Emergence of tuhao highlights new vulgarities of materialistic society

By Yu Wen Source:Global Times Published: 2013-10-23 18:43:01

Illustration: Liu Rui/GT

Illustration: Liu Rui/GT

Months ago, I bought a protective cover for my iPhone. It was dark purple with a golden fringe. Almost all my friends teased me about my vulgar taste. But today, maybe they'd want to get closer to me.

Such gaudy displays are a mark of the tuhao, a term spreading like wildfire on Chinese social networks to designate the newly rich and powerful.

It lends itself to many interpretations; you might translate it as "billionaire hillbilly," "land baron," or simply nouveau riche.

The word became popular almost overnight. As Rachel Lu put it in the US Foreign Policy magazine, while tu means dirt or uncouth and hao means splendor, the combination now indicates "the artistic sensibilities of the arriviste, the social grace of the parvenu, and the spending habits of the nouveau riche."

Such words don't appear out of nowhere, and the kind of detailed examination Foreign Policy gave to it is valuable. These terns serve as the mirror through which not only foreign media but also we ourselves observe and understand China's new realities.

Tuhao used to mean "local despots," and referred to landlords or warlords who prospered through exploitation and criminality. But today, it often means those who got rich off the booming property market in recent years by speculating in housing prices.

Maybe there are some of the same implications there, given the dubious nature of property deals in China. These people aren't entrepreneurs or hardworking office workers, but speculators who had the right connections at the right time.

And as with the nouveau riche in Europe, they can spend lavishly on everything, such as the newly introduced gold version of the iPhone 5, but their money doesn't buy proper taste.

Deep in our minds, we actually despise tuhao, who only pursue materialistic rather than spiritual values, who see only money but have no sense of moral standards and cultural refinement and civility, and who blindly chase after the latest in luxury brands regardless of quality or cost.

Nonetheless, on China's social networks, there have been netizens calling for making friends with tuhao in order to get the benefits of such connections.

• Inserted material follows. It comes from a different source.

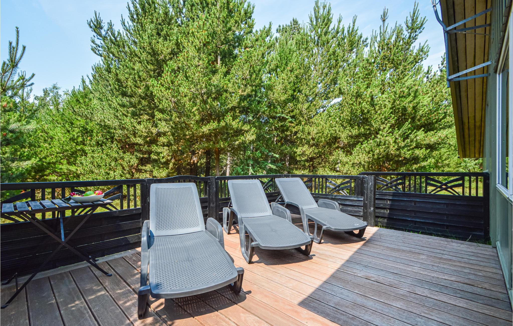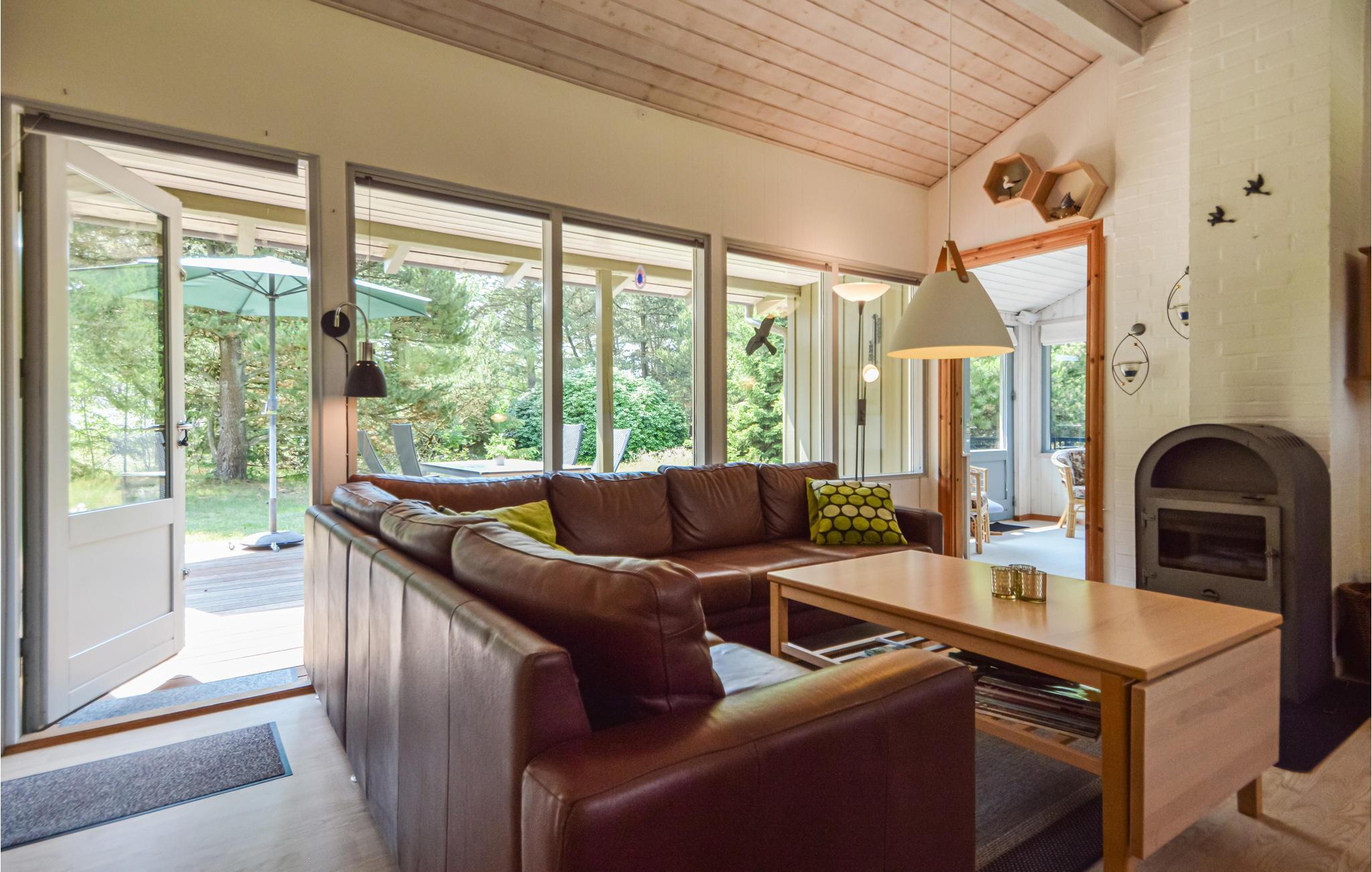 Im Innenraum ist das Haus heimelig eingerichtet, mit warmer und heller Atmosphäre, ausgerüstet mit moderner Küche kombiniert mit gemütlichem Wohnzimmer. Zudem gibt es auch einen weiteren Raum, mit bequem Sitzmöglichkeiten, und einer Fensterfront, der ideale Verhältnisse zum Lesen bietet. Am Haus gibt es auch eine schöne, offene Terrasse mit Grillmöglichkeiten an warmen Sommerabenden, während sich die jungen Gäste mit Schaukel und Sandkasten beschäftigen.

Friends might call each other tuhao jokingly, but nobody really wants to be labeled with the term. On the other hand, secretly or openly, many people would rather be vulgar and have money, than be cultivated and poor.

Such contradiction, sadly, goes to the root of the social conflicts that accompany China's ambitions to remake itself.

When the road leading to success seems to become narrow and people lose confidence in changing their fate through knowledge or personal capabilities, they have to recognize tuhao's emergence.

Having the right connections with tuhao seems to be a shortcut to success. Although not glorious and solid, it is better than struggling at the lowest end of society.

Of course people do not hate wealth. They just hate the way wealth is distributed and that wealth goes to those who don't know how to use it well. The old Chinese saying, "inequality is worse than deficiency," is still a powerfully resonant one today.

Wealth alone does not help the whole of Chinese society to real affluence. With inequality growing and the ladders that the poor were once able to climb to success being kicked away by the new elite, it only brings artistic, cultural, and spiritual vulgarity.

Jokes online are all very well, but these are real social problems that we need to face head-on, rather than just coining new terms to entertain ourselves.

And if we can face these problems realistically, then maybe the reports in foreign media about Chinese tuhao won't have quite the satirical edge they do now.